COLLECTED DATA »
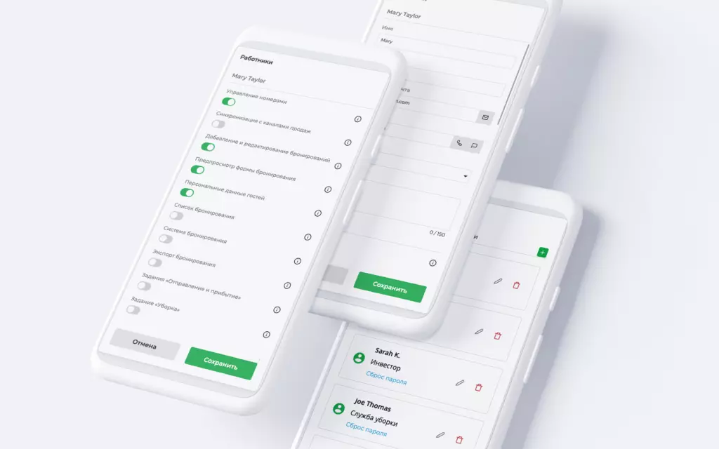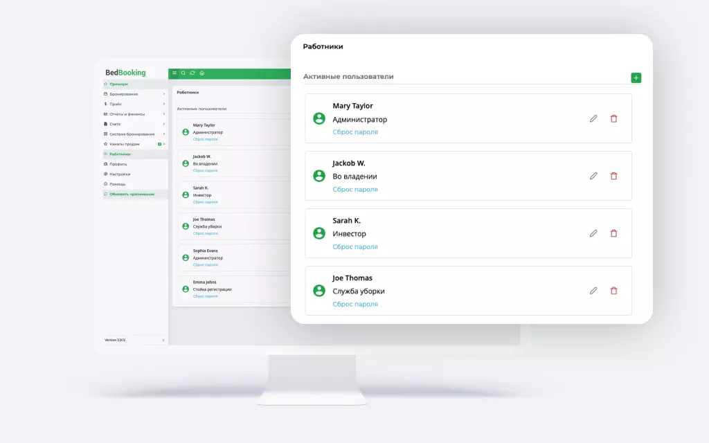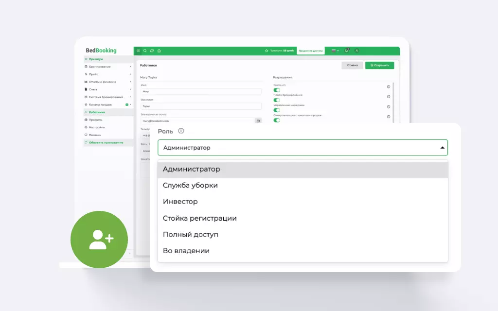 Вы можете нанять собственных сотрудников или сотрудничать с внешней компанией. Используя единое приложение BedBooking, вы можете распределить конфиденциальные данные, доступные всем, или определить границы доступа для каждого конкретного сотрудника.
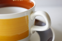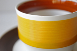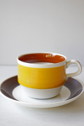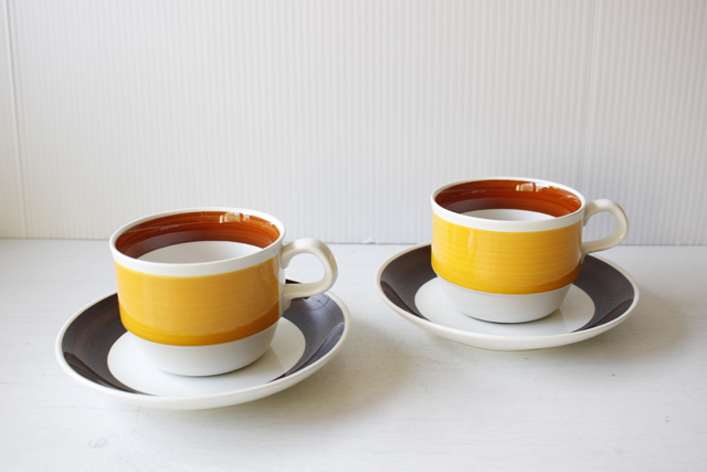 スウェーデン、Rorstrand(ロールストランド)のFokus(フォーカス)シリーズのコーヒーカップ&ソーサーです。黄色とブラウンのコンビネーションが大変可愛らしいデザインです。チョコブラウン、ライトブラウン、イエロー3色の明るく温かな色合いでシーズンを問わずお使いいただけますね。フリーハンドで彩色されているため、刷毛の流れが個々に違いハンドペイントの醍醐味を味わえます。コーヒータイムにぴったりなオススメの作品です。
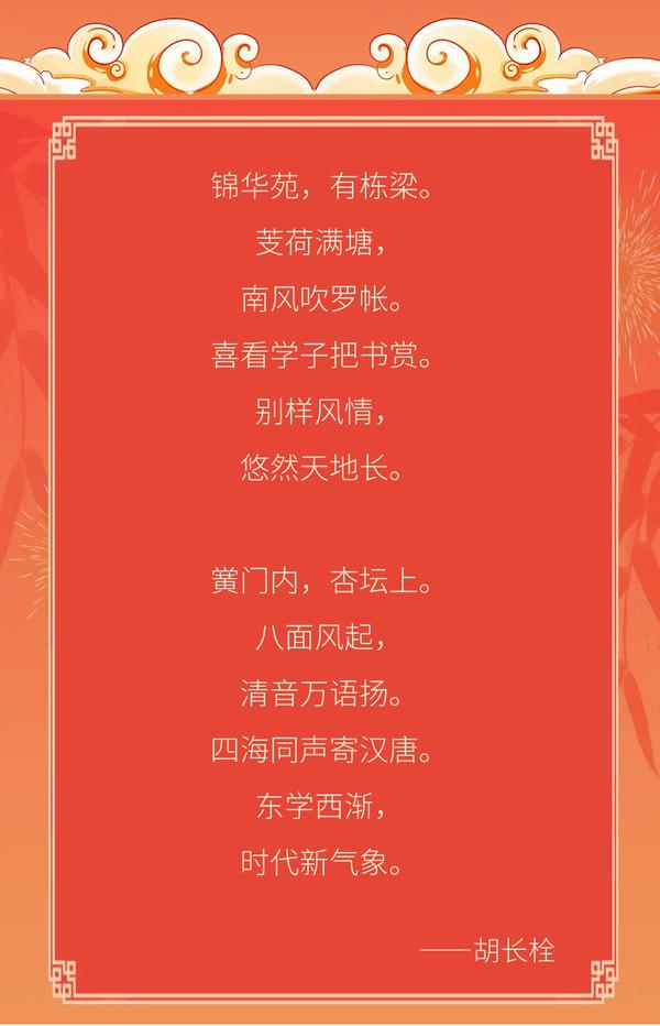 中央党史和文献研究院科研规划部副主任、中国马克思恩格斯研究会副秘书长胡长栓先生有感我校新生报到的盛况,赋诗一首,寄语新生。

TASK OBJECTIVE » Working from the line with "スウェーデン、Rorstra" to the last line of the material above, repeat each line exactly and leave out the pictures.

WRITTEN SOLUTION »
 スウェーデン、Rorstrand(ロールストランド)のFokus(フォーカス)シリーズのコーヒーカップ&ソーサーです。黄色とブラウンのコンビネーションが大変可愛らしいデザインです。チョコブラウン、ライトブラウン、イエロー3色の明るく温かな色合いでシーズンを問わずお使いいただけますね。フリーハンドで彩色されているため、刷毛の流れが個々に違いハンドペイントの醍醐味を味わえます。コーヒータイムにぴったりなオススメの作品です。
 中央党史和文献研究院科研规划部副主任、中国马克思恩格斯研究会副秘书长胡长栓先生有感我校新生报到的盛况,赋诗一首,寄语新生。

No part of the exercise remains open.